# Will 325i fuel injectors work in 320i? UK/Canada?



## Mastronardi (Dec 27, 2002)

Will 325i fuel injectors work in 320i? UK/Canada? 

Hi Gang, 

I got 2 dead fuel injectors on my E36/320/1993/6cyl. The BMW part numbers are not the same from 320 vs 325. I'm not going to fork out 200$ per fuel injector, I'm planning to get used 325i fuel injectors, they are available all over North America. 

320i: 13 641 730 059 
325i: 13 641 730 060 

Anybody from UK/Canada try using the 325 fuel injectors in a 320i? Will they fit? Will the DME (Seimens) still work? 

Thanks.. 
Sergio


----------



## Mastronardi (Dec 27, 2002)

*Anyone from Canada/UK?*

I need to replace my fuel injectors? Any ideas? What are the chances that they are clogged, and with a few bottles fuel injector cleaner will unclog?
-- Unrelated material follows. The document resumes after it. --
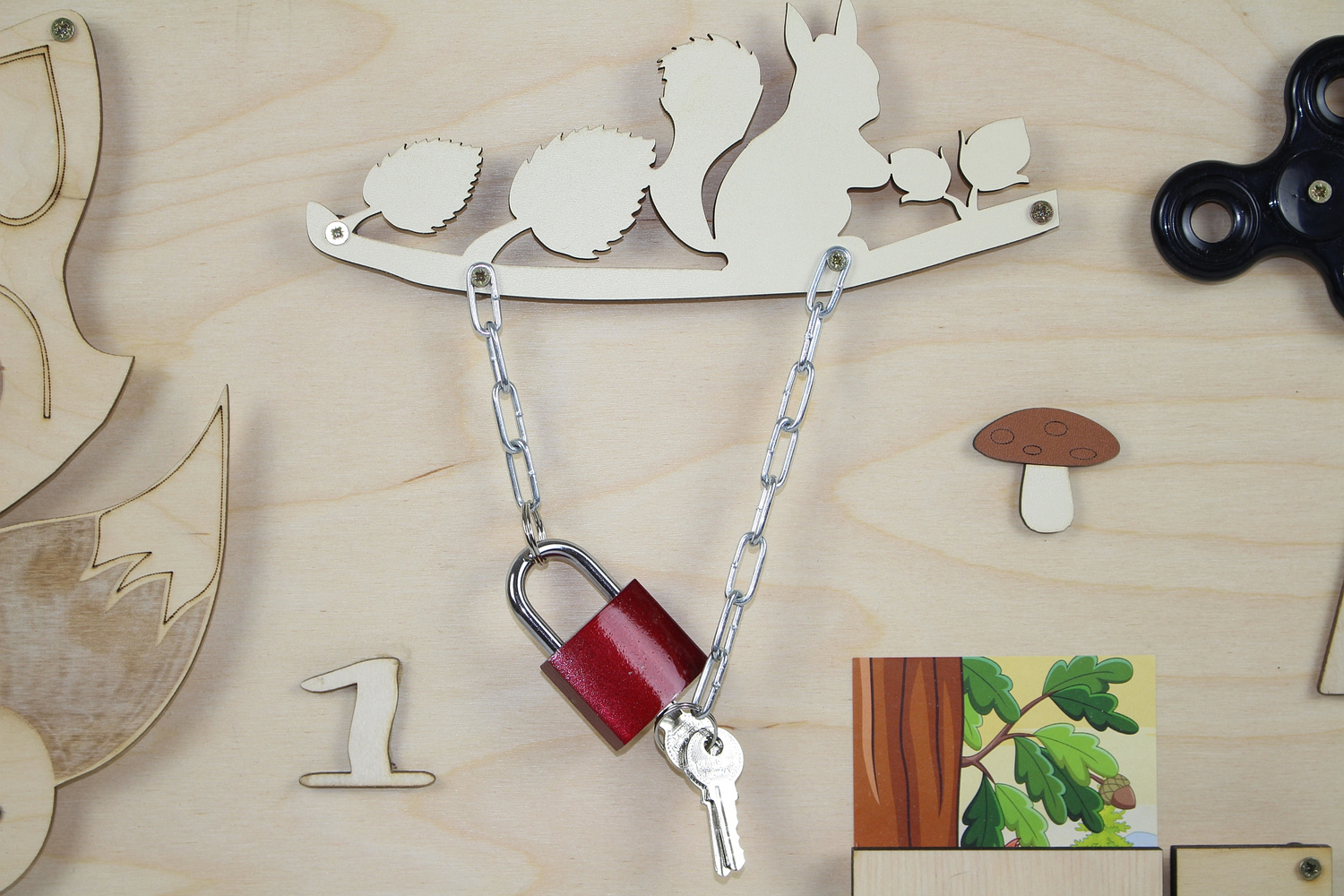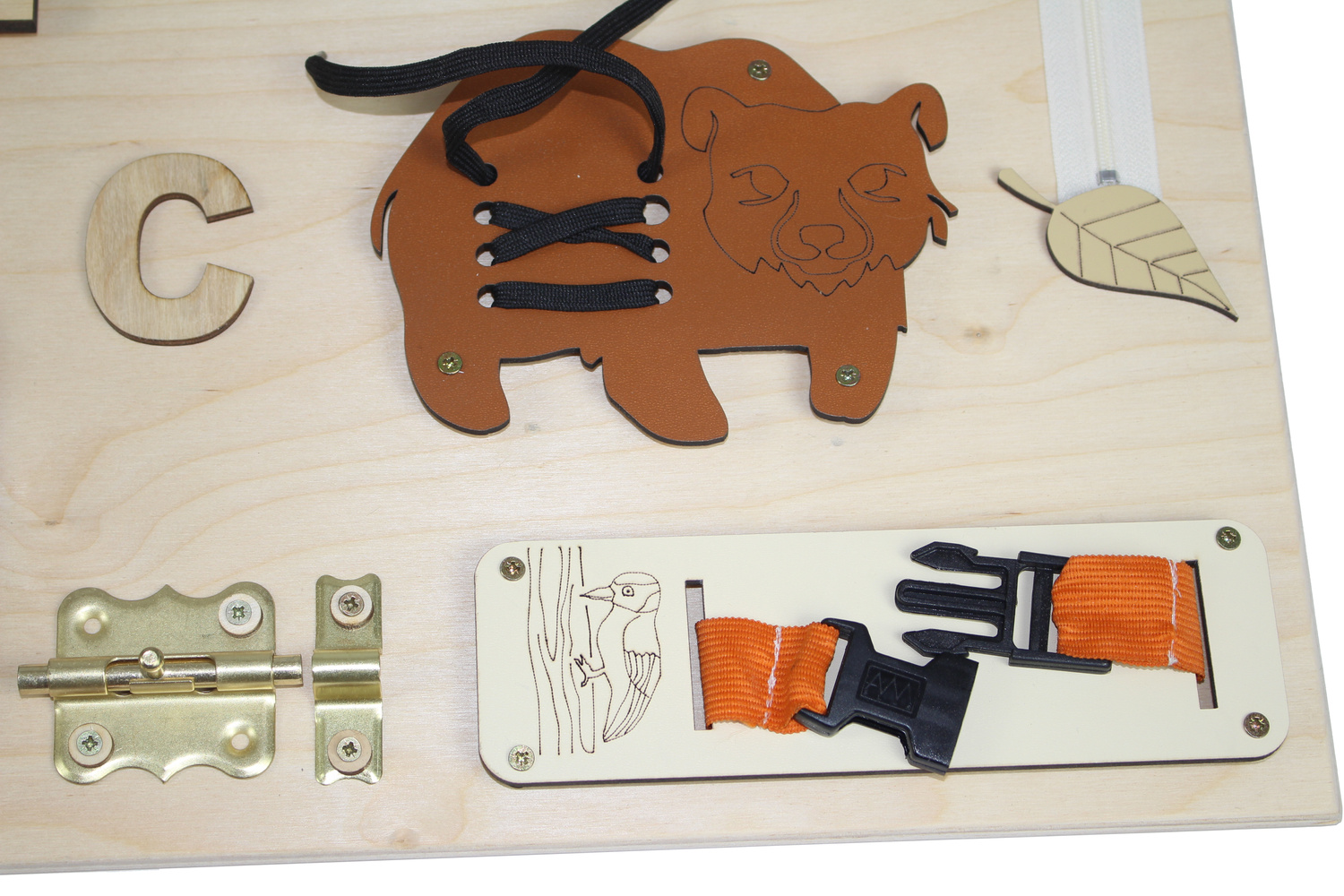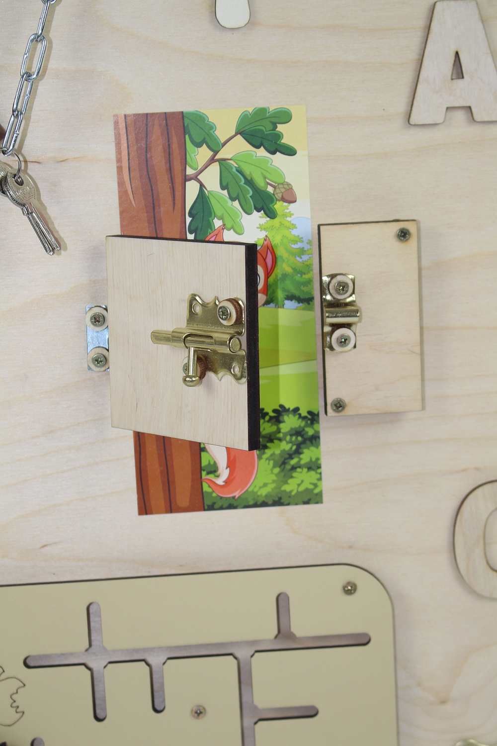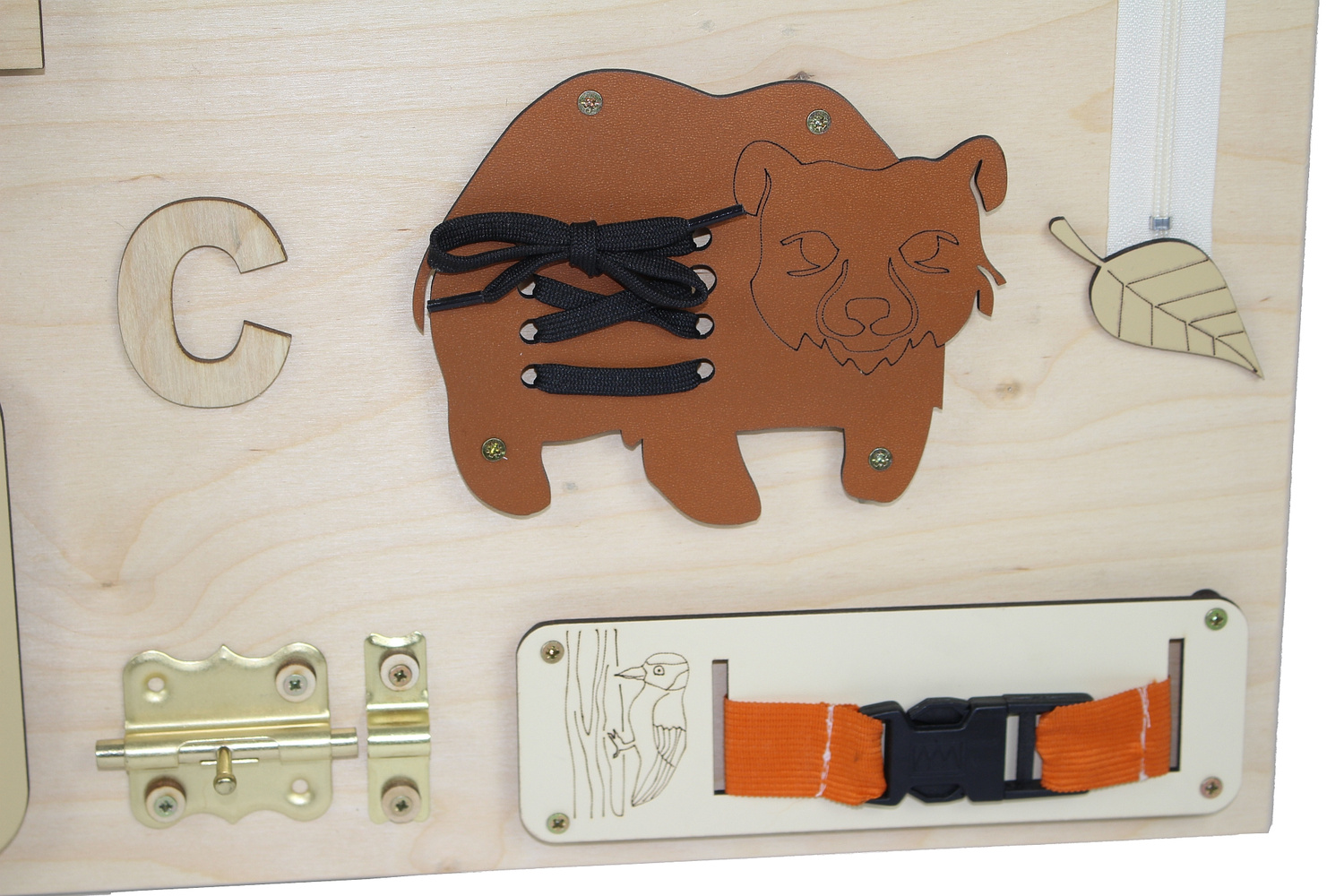 Cała tablica wykonana jest w motywie zwierzątek żyjących w lesie, Znajdziemy na niej m.in. łosia, jelonka, jeża, lisa czy niedźwiedzia. W tablicy znajduje się niespodzianka - jedno zwierzątko jest ukryte za drzwiczkami z zasuwką.

I thought these injectors are supposed to last forever!
Please let me know.
Thanks...
Sergio


----------



## Mastronardi (Dec 27, 2002)

*Any Bosch fuel injectors specialists?*

I'm planning to remove my fuel injectors, and hopping they are clogged and will try to unclog them with some gas, straw, and shop-vac machine.

Hope it works. Does anyone know if I put fuel injector form Bosh that fits but just has different spraying performance will still work? Will my Seimens DME freakout?

Thanks....
Sergio


----------